▶ What to produce
Scan the records below for the line containing "Kolczyki wpinane są" and the line containing "2.新鲜鸡蛋的蛋白是非常完整". Copy both, plus every line between, exactly.

▶ Record extracts
= = = =
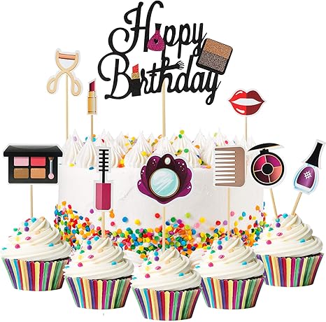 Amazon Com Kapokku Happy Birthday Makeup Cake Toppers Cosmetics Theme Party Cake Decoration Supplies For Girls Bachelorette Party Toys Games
= = = =
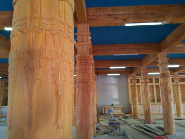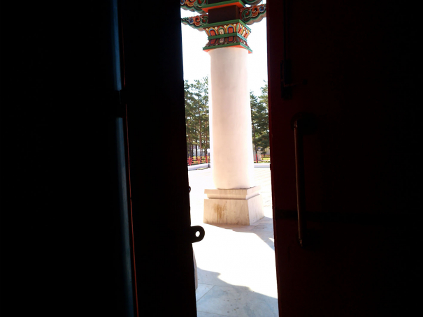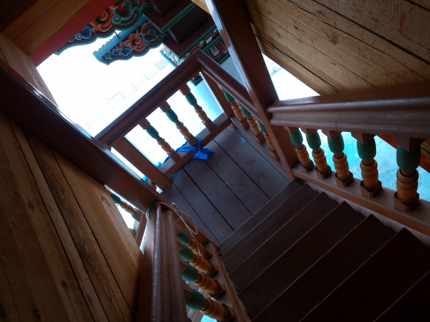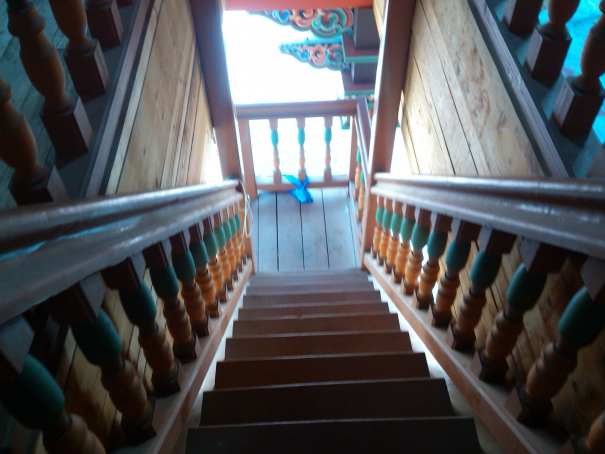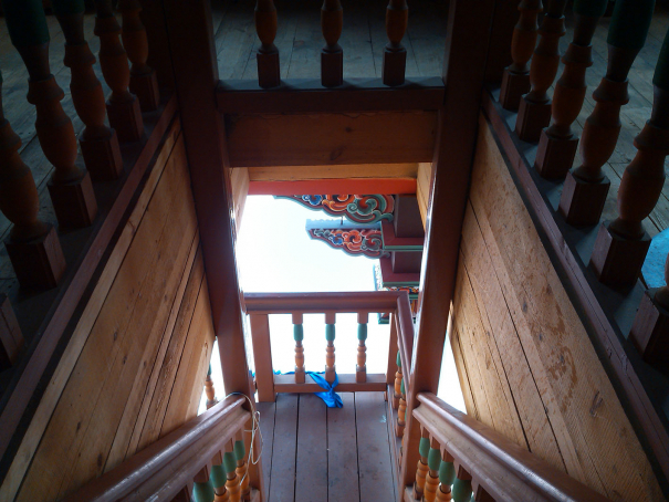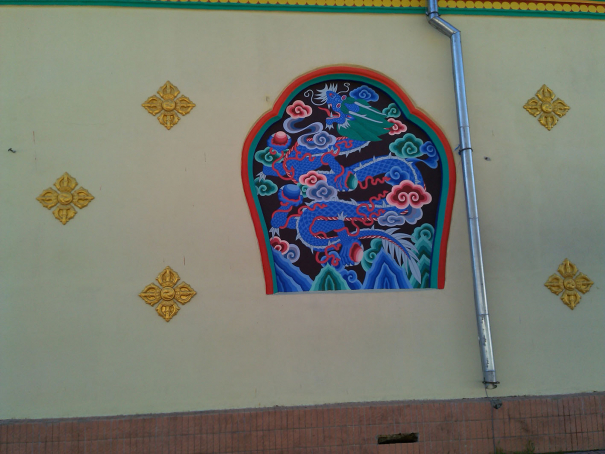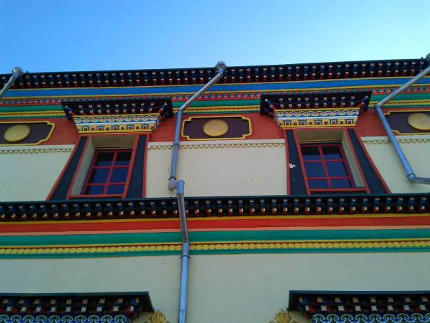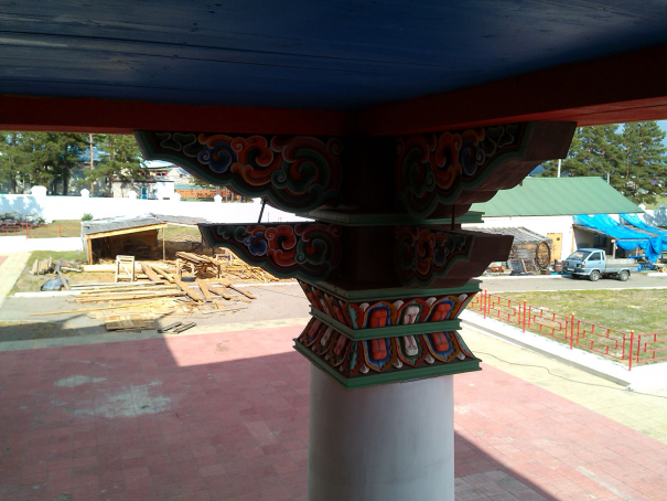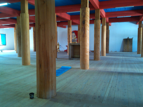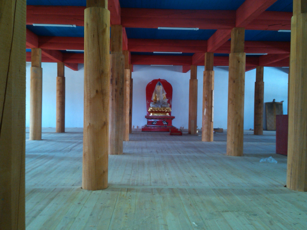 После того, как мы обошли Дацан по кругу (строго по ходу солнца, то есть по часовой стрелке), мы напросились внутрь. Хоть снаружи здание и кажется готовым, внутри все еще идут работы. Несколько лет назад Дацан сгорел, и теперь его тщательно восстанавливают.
= = = =
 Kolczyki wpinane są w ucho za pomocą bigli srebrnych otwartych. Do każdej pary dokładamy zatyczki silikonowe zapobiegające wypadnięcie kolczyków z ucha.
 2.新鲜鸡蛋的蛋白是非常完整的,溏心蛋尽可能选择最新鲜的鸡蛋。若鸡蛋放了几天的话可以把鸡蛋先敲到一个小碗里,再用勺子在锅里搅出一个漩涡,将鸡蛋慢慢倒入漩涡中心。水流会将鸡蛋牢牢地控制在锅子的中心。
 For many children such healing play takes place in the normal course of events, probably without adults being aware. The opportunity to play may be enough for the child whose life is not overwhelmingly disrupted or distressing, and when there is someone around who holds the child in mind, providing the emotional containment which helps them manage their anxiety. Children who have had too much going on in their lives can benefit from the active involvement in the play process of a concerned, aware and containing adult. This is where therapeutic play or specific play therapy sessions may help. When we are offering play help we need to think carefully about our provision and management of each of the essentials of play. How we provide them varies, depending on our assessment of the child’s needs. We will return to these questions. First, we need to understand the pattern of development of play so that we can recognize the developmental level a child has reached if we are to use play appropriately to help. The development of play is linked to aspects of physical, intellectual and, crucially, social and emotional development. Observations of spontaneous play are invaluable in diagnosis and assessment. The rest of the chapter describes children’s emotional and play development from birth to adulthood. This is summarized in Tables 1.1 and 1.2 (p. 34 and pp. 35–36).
= = = =
▶ Your response
 Kolczyki wpinane są w ucho za pomocą bigli srebrnych otwartych. Do każdej pary dokładamy zatyczki silikonowe zapobiegające wypadnięcie kolczyków z ucha.
 2.新鲜鸡蛋的蛋白是非常完整的,溏心蛋尽可能选择最新鲜的鸡蛋。若鸡蛋放了几天的话可以把鸡蛋先敲到一个小碗里,再用勺子在锅里搅出一个漩涡,将鸡蛋慢慢倒入漩涡中心。水流会将鸡蛋牢牢地控制在锅子的中心。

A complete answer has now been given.